Former City Councilmember Ray Koernig is on a mission to name the Littleton Museum building after its first director, Robert J. McQuarie.

“Bob was such a hands-on person and so into the community,” said Koernig, recalling how McQuarie once dressed up like Littleton’s founder, Richard Little, and went around town planting stakes in peoples’ yards, pretending to plat the city.

When the Arapahoe County Sheriff’s Office bought the land on the hill south of Littleton Courthouse, McQuarie hatched a plan to save the historic Fred Bemis house that sat there. He moved it to the museum, where today it’s known as the 1890s farmhouse. He also set up the schoolhouse and the blacksmith shop, and held an actual community barn-raising.

“He really wanted it to be more than just a storage place for butter churns,” Koernig said. “He really wanted it to be a living-history museum.”

Tim Nimz, the current director, says McQuarie certainly was a visionary.

“When you talk about people who had a lasting impact on Littleton, Bob was really one of those people,” he said.
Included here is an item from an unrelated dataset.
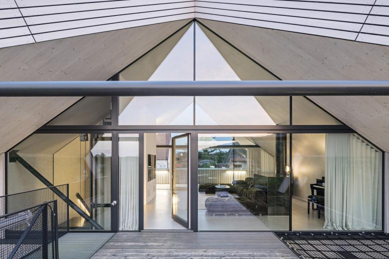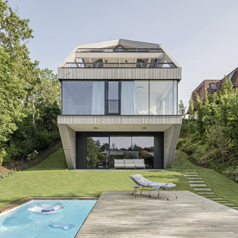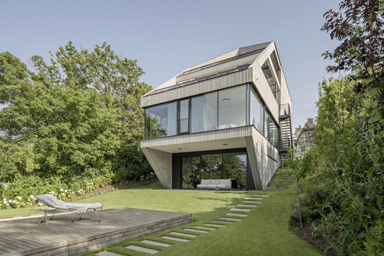 Auf der Straßenseite orientiert sich das Haus an den Nachbarhäusern mit ortstypischen Satteldächern, interpretiert das Dach jedoch als teilweise überdachten Außenraum neu. Dort wirkt das große Einfamilienhaus zurückhaltend und fügt sich in die Tektonik der Straßenfronten der Nachbarhäuser ein. Zum Garten hin wächst das Haus jedoch imposant aus dem Hang heraus und öffnet sich zur Landschaft.

Koernig himself has deep ties to the museum. His council rezoned the property from residential to park, and his wife, Mary, succeeded McQuarie as director. When Koernig’s teenage daughter, Kate, died tragically from a heart condition, a memorial fund was established in her name; the proceeds went to authentically furnish the schoolhouse, which is an integral part of the educational summer camp McQuarie developed to give kids the opportunity to experience pioneer life.

“We wanted to do something in the community, for the community, and she had loved that summer camp,” said Koernig. “We wanted to do something that would last.”

He stressed that he’s not out to change the name of the museum, which just happened a couple years ago when the word “Historic” was dropped. Under Koernig’s proposal, the Littleton Museum would be housed in the Robert J. McQuarie Building.

Nimz said the museum board is in the process of creating a naming policy, and city council would have to approve any suggestions. He added that conversations about naming the building might include other options, perhaps involving the Ketring family name. The original building was their home, though not much other than the stone wall in front remains.

“The property gave Bob the raw material,” Nimz said. “You’d kind of have to put that in the hopper if you’re looking at naming.”